What is often called bilinear interpolation, when done on a lattice is what interp2 or griddedInterpolant calls linear. And, I guess it may not be obvious that what one tool calls linear, is what someone else might call bilinear (for example, photoshop, as I recall has a bilinear interpolation tool for image interpolation) or someone else might call tensor product linear interpolation. But the formula you have written is essentially that tensor product linear interpolant. So in any dimension, the result will be a piecewise linear function.
I'll show how to use griddedInterpolant, which I prefer myself. This allows you to learn to use one tool, in various numbers of dimensions.

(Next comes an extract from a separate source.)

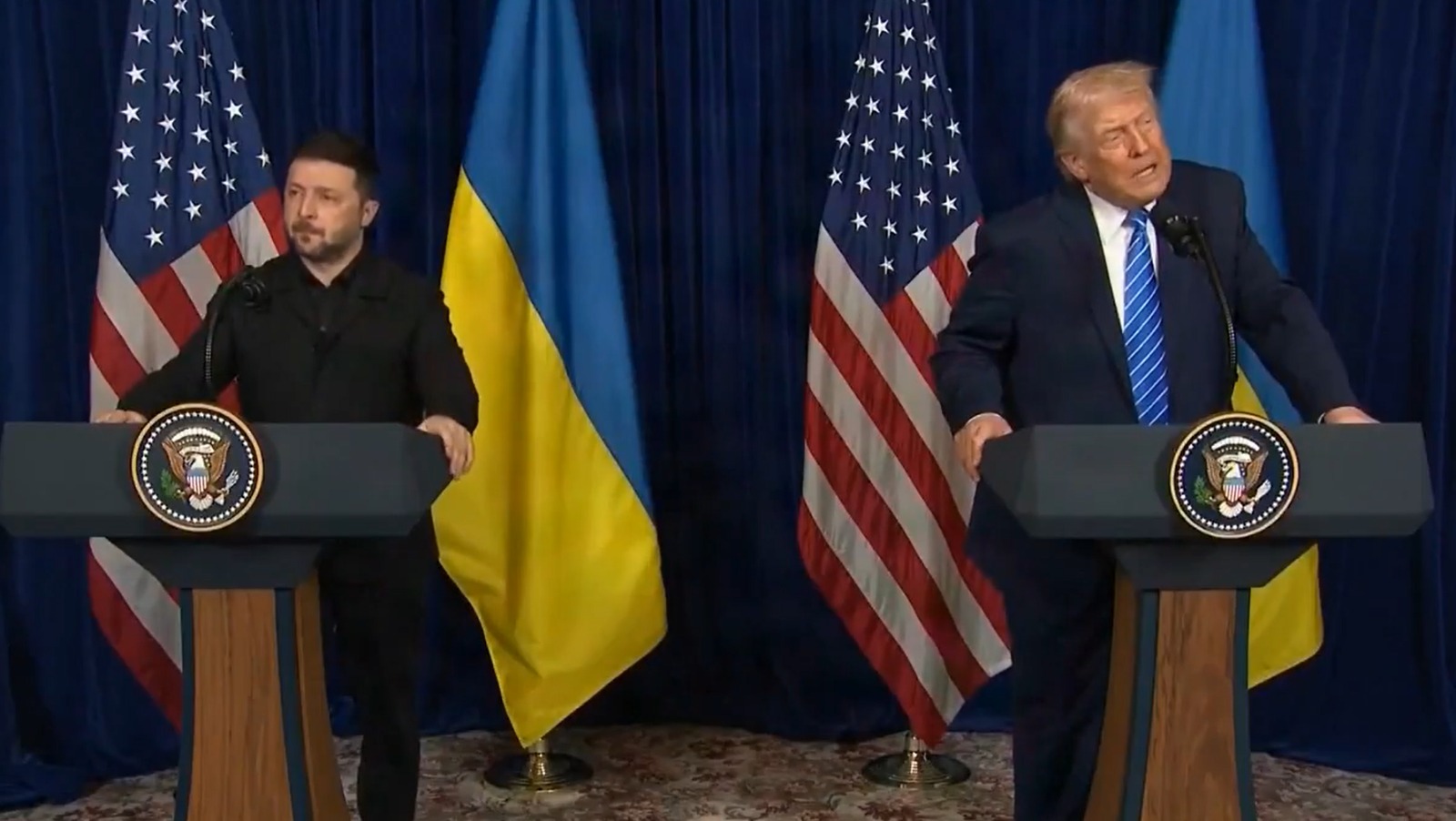 En una conferencia conjunta, ambos ejecutivos declararon que el acuerdo de paz está casi finalizado. Donald Trump aseguró que hasta el momento hay un 95% de avances en el acuerdo, sin embargo, el tema territorial sigue pendiente, pues Rusia exige el territorio de Donbás.

In the help for griddedInterpolant, we see:
F = griddedInterpolant(...,METHOD) specifies the interpolation method:
'linear' - (default) linear, bilinear, trilinear,... interpolation
So when we ask griddedInterpolant for 'linear' interpolation in multiple dimenssions, it does a bilinear or trilinear interpolation, as you wish.
x = 0:0.5:1;
y = linspace(0,1,4);
[xx,yy] = ndgrid(x,y)
xx =
0 0 0 0
0.5 0.5 0.5 0.5
1 1 1 1
yy =
0 0.33333 0.66667 1
0 0.33333 0.66667 1
0 0.33333 0.66667 1
Now create an array z, of the form z(x,y). So two independent variables, and thus a bilinear interpolant.
zz = xx.^2 + yy.^2
zz =
0 0.11111 0.44444 1
0.25 0.36111 0.69444 1.25
1 1.1111 1.4444 2
z(x,y) is pretty boring, I'll admit. Sorry about that. It is a paraboloid of revolution, in two dimensions.

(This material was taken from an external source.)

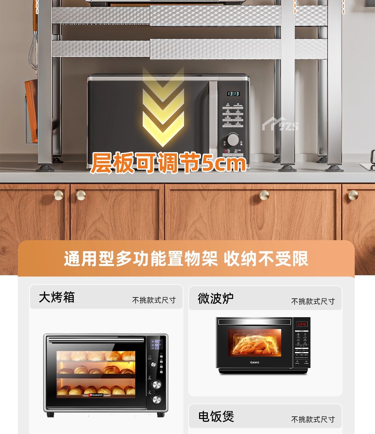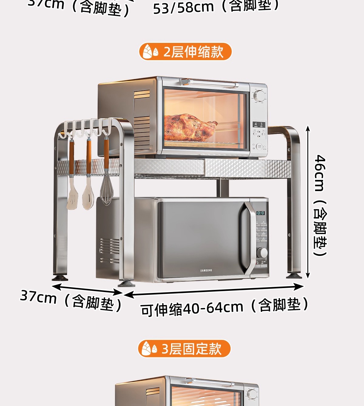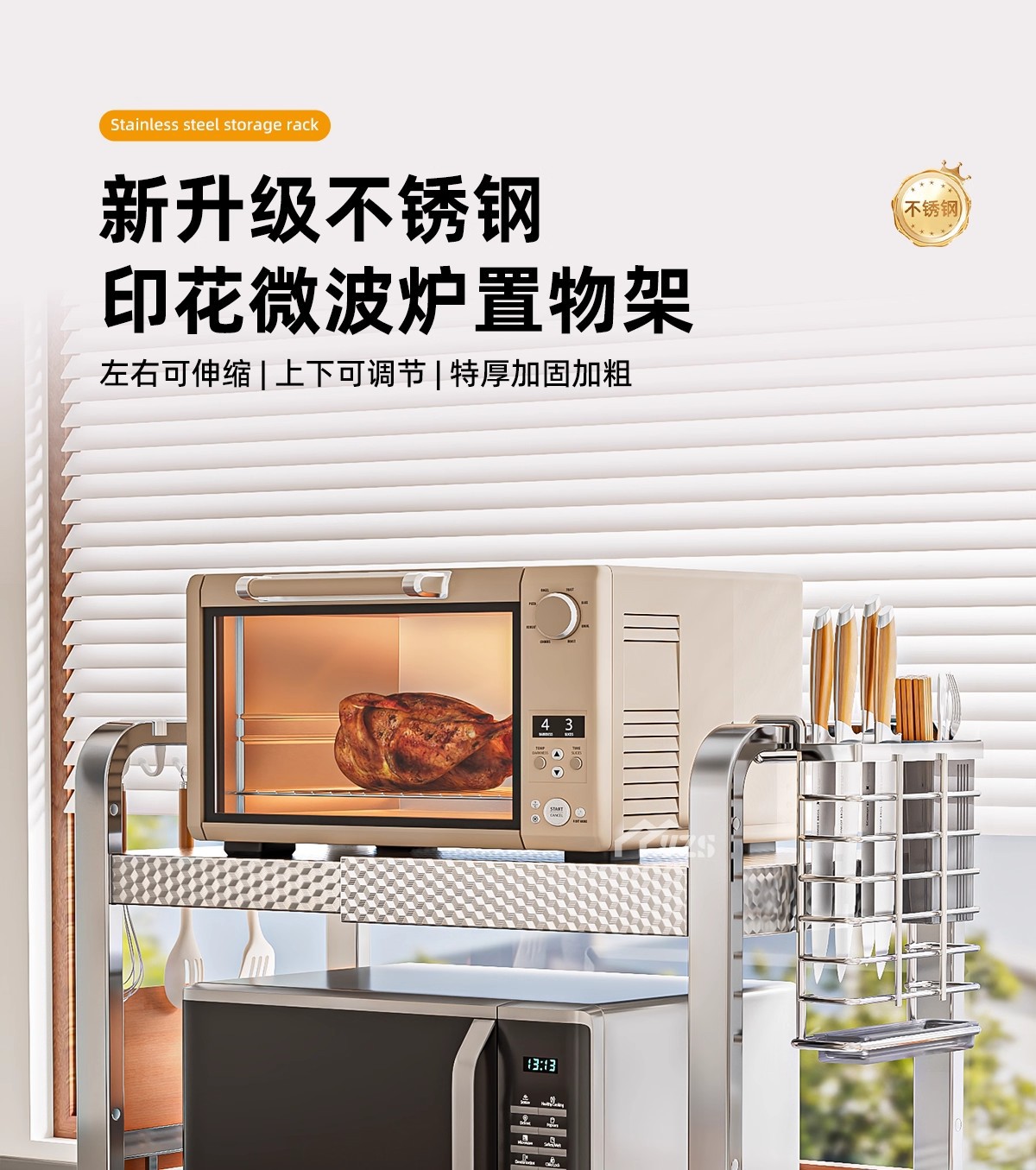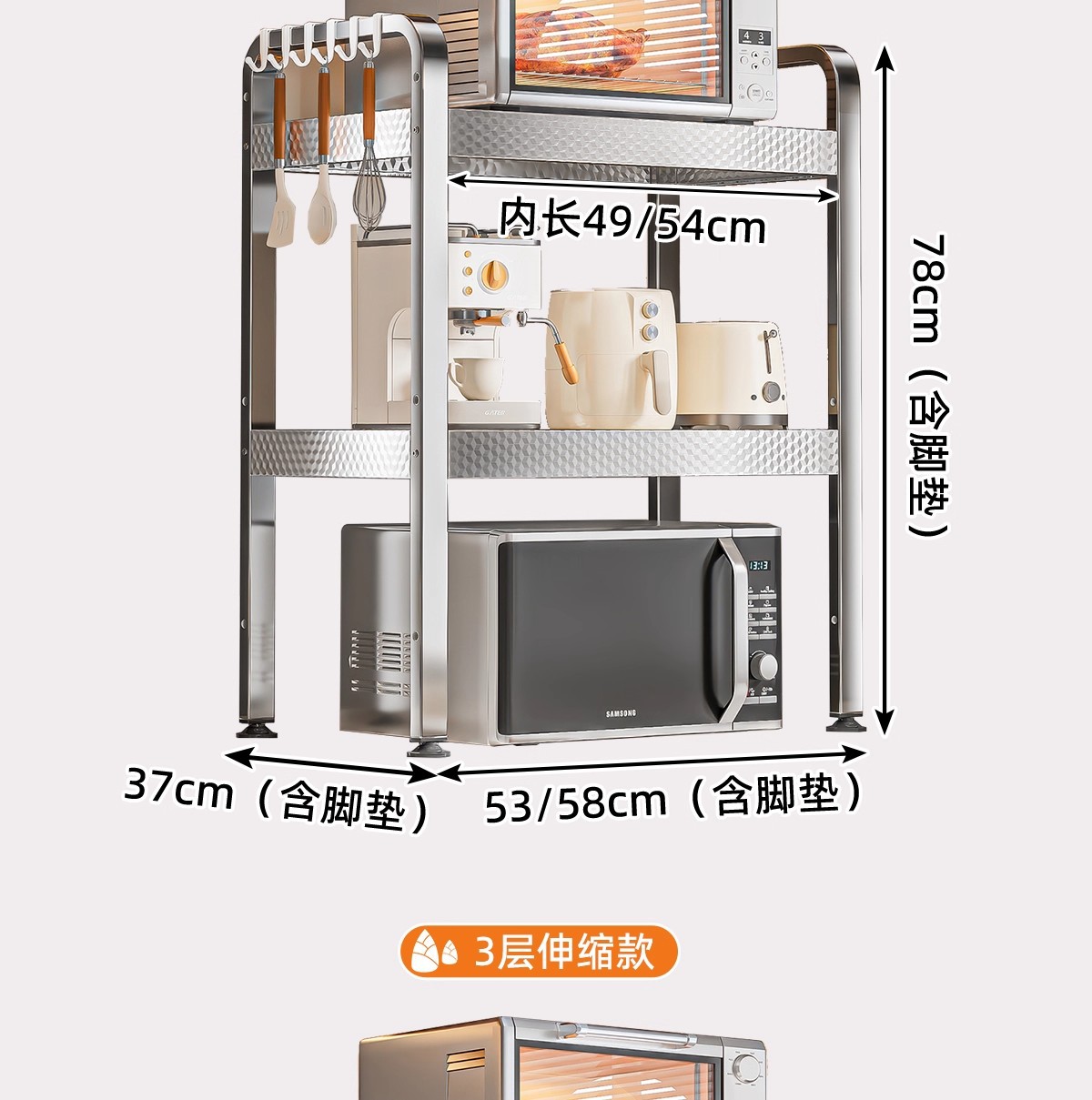 厨房微波炉置物架多功能支架家用多层可伸缩台面烤箱电饭煲收纳架

GI = griddedInterpolant(xx,yy,zz,'linear')
GI =
griddedInterpolant with properties:
GridVectors: {[0 0.5 1] [0 0.33333 0.66667 1]}
Values: [3×4 double]
Method: 'linear'
ExtrapolationMethod: 'linear'
Can I convince you that GI is a bilienar interpolant? For example, fix x at some value.
yint = linspace(0,1,100);
xint = reshape(0.2,size(yint));
plot(yint,GI(xint,yint),'-r')
xlabel 'yint'
ylabel 'z(xint,yint)'
grid on
So 3 linear segments. This is a tensor product linear (bilinear) interpolant, as you asked about.
With 3 independent variables, so trilinear interpolation, you would create xx,yy,zz using ndgrid. Then create a 3-d array of values that defines the relation w(x,y,z). Now griddedInterpolant will do the trilinear interpolation you want.
If you prefer to use interp2 interp3, or interpn, you can also do so, but these tools require arrays that are ordered as meshgrid would create, instead of ndgrid.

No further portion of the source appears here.